Letters to the Editor

Readers write about election-race speeches, Huckabee and Evangelicals, and college tuition.

Typical election coverage keeps discourse shallow

Regarding Bob Katz's Feb. 1 Opinion piece, "Silver-tongued vs. eloquent: Do voters know the difference?": Mr. Katz bemoaned Americans' penchant for choosing style over substance in presidential races. However, the reason Americans are ill-equipped to separate style from ideas in verbal rhetoric is that the corporate media offer little of the latter.

As television and newspapers follow superficial issues and tally donation dollars, candidates are forced to squeak out policy ideas in 30-second sound bites that most citizens never hear. The process enables the media conglomerates (to which most of those donation dollars flow in order to ensure public access) to pick favorites, exclude dissent, caricature candidates, and render ideas permitted into the echo chamber of discourse safe for public consumption.

Entirely eliminating ideas minimizes content and maximizes conflict, transforming the democratic process into a sporting event or "American Idol"-style popularity contest.
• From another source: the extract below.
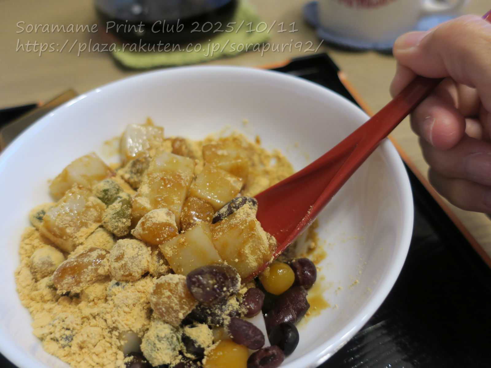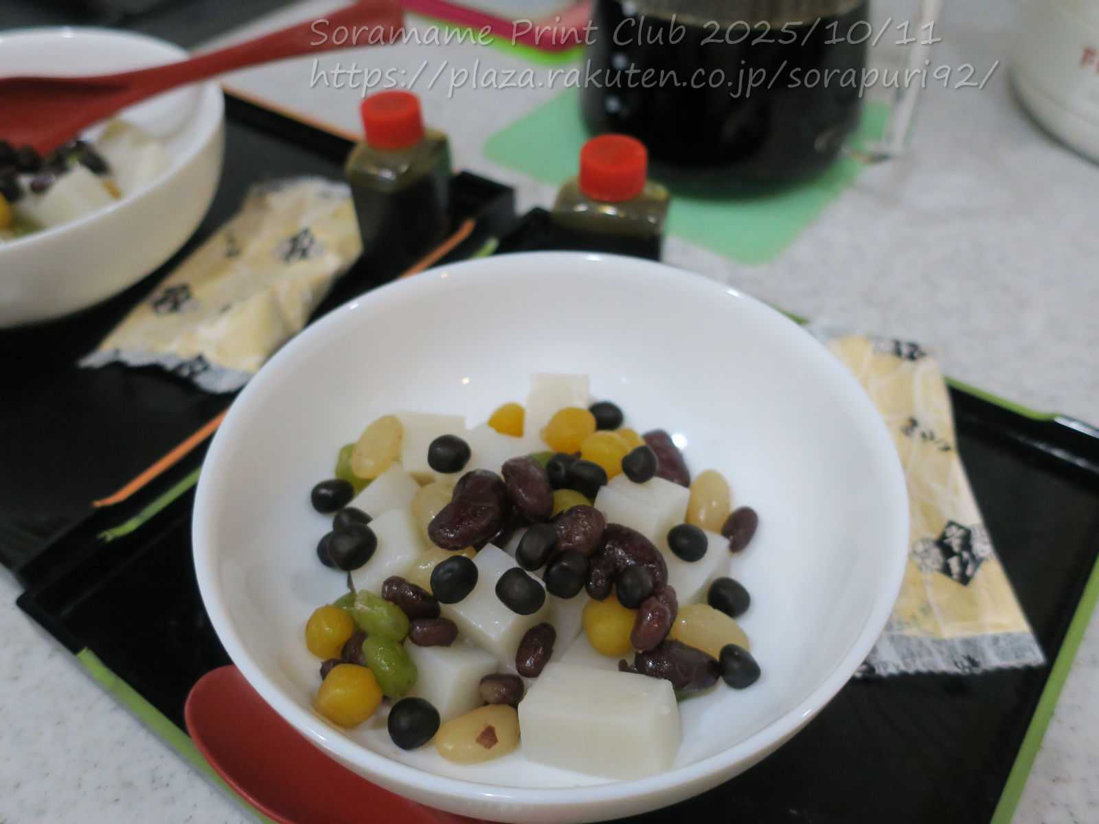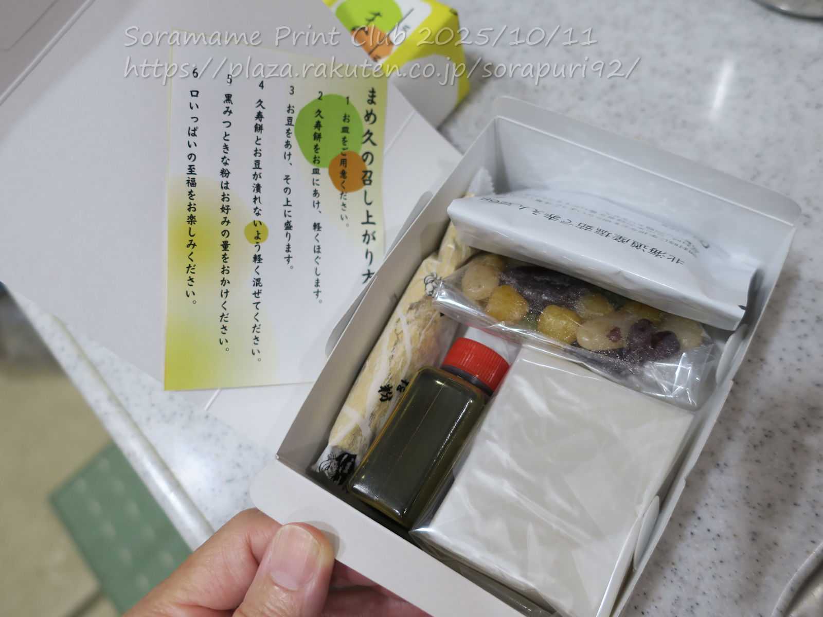 箱の中には、久寿餅と豆、黒蜜ときな粉がセットになってます。

Those candidates who make it through the gantlet are much the same – unthreatening, corporate friendly, political conservatives with interchangeable ideas.

Consequently, speeches that reach the airwaves are those that say nothing. In short, Americans vote stupidly because the media keep them stupid.

Michael Sepesy
Cleveland

Huckabee supporters will not switch

In response to Brett Grainger's Feb. 4 Opinion piece, "Huckabee's evangelical twist": I think the author missed the point. Christians vote their conscience. So, if the GOP does not include Huckabee on the ticket, this means Christian voters will stay home. To conclude that they will vote for a Democrat is crazy.

To marginalize Huckabee as appealing only to Evangelicals is to make an incorrect analysis. He appeals to all moral voters. In our Huckabee Volunteer group we have atheists, Muslims, Roman Catholics, Lutherans, etc. They are value voters, and if no party represents their values, they will be staying home – not switching parties.

Elizabeth Sipfle
Commerce Twp, Mich.

Keep mandates away from colleges

Regarding your Jan. 30 editorial, "Rich colleges, poor students," concerning the Senate's interference with college endowments: Government was not created to interfere in business or our personal lives. Doing so is the beginning of making our democratic republic a socialist one. The United States government is not a police state. It is not a socialist organization. Congress must stop trying to make it both, and get out of our personal lives.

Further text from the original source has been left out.